SeqIO.write(proteins, "translations.fasta", "fasta")

This should work on any FASTA file of complete coding sequences. If you are working on partial coding sequences, you may prefer to use nuc_record.seq.translate(to_stop=True) in the example above, as this wouldn’t check for a valid start codon etc.

Making the sequences in a FASTA file upper case

Often you’ll get data from collaborators as FASTA files, and sometimes the sequences can be in a mixture of upper and lower case. In some cases this is deliberate (e.g. lower case for poor quality regions), but usually it is not important. You may want to edit the file to make everything consistent (e.g. all upper case), and you can do this easily using the upper() method of the SeqRecord object (added in Biopython 1.55):

from Bio import SeqIO
records = (rec.upper() for rec in SeqIO.parse("mixed.fas", "fasta"))
count = SeqIO.write(records, "upper.fas", "fasta")
print("Converted %i records to upper case" % count)

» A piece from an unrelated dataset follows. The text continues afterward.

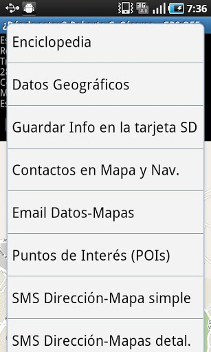 3. ข้อมูลนี้พร้อมกับสภาพอากาศปัจจุบันการพยากรณ์อากาศ, อัลบ้า, พระอาทิตย์ตกข้อมูลทั้งหมดเกี่ยวกับสถานที่นั้นที่คุณอยู่ (ประชากร, ลักษณะทางภูมิศาสตร์และการเมือง ฯลฯ ... ), มุมมองที่แท้จริงในภาพของสถานที่นั้น, แผนที่ที่เรียบง่ายและ รายละเอียด; ทั้งหมดนี้สามารถรวมกันหรือแยกต่างหากเพื่อกำจัดข้อมูลทั้งหมดของสถานที่ที่คุณอยู่และสามารถส่งไปยังเพื่อนโดย SMS และ / หรืออีเมล นอกจากนี้คุณยังสามารถบันทึกไว้ในการ์ด SD มือถือของคุณในไฟล์ข้อความ

How does this work? The first line is just importing the Bio.SeqIO module. The second line is the interesting bit – this is a Python generator expression which gives an upper case version of each record parsed from the input file (mixed.fas). In the third line we give this generator expression to the Bio.SeqIO.write() function and it saves the new upper cases records to our output file (upper.fas).

The reason we use a generator expression (rather than a list or list comprehension) is this means only one record is kept in memory at a time. This can be really important if you are dealing with large files with millions of entries.

Sorting a sequence file

Suppose you wanted to sort a sequence file by length (e.g. a set of contigs from an assembly), and you are working with a file format like FASTA or FASTQ which Bio.SeqIO can read, write (and index).

If the file is small enough, you can load it all into memory at once as a list of SeqRecord objects, sort the list, and save it:

from Bio import SeqIO
records = list(SeqIO.parse("ls_orchid.fasta","fasta"))
records.sort(cmp=lambda x,y: cmp(len(x),len(y)))
SeqIO.write(records, "sorted_orchids.fasta", "fasta")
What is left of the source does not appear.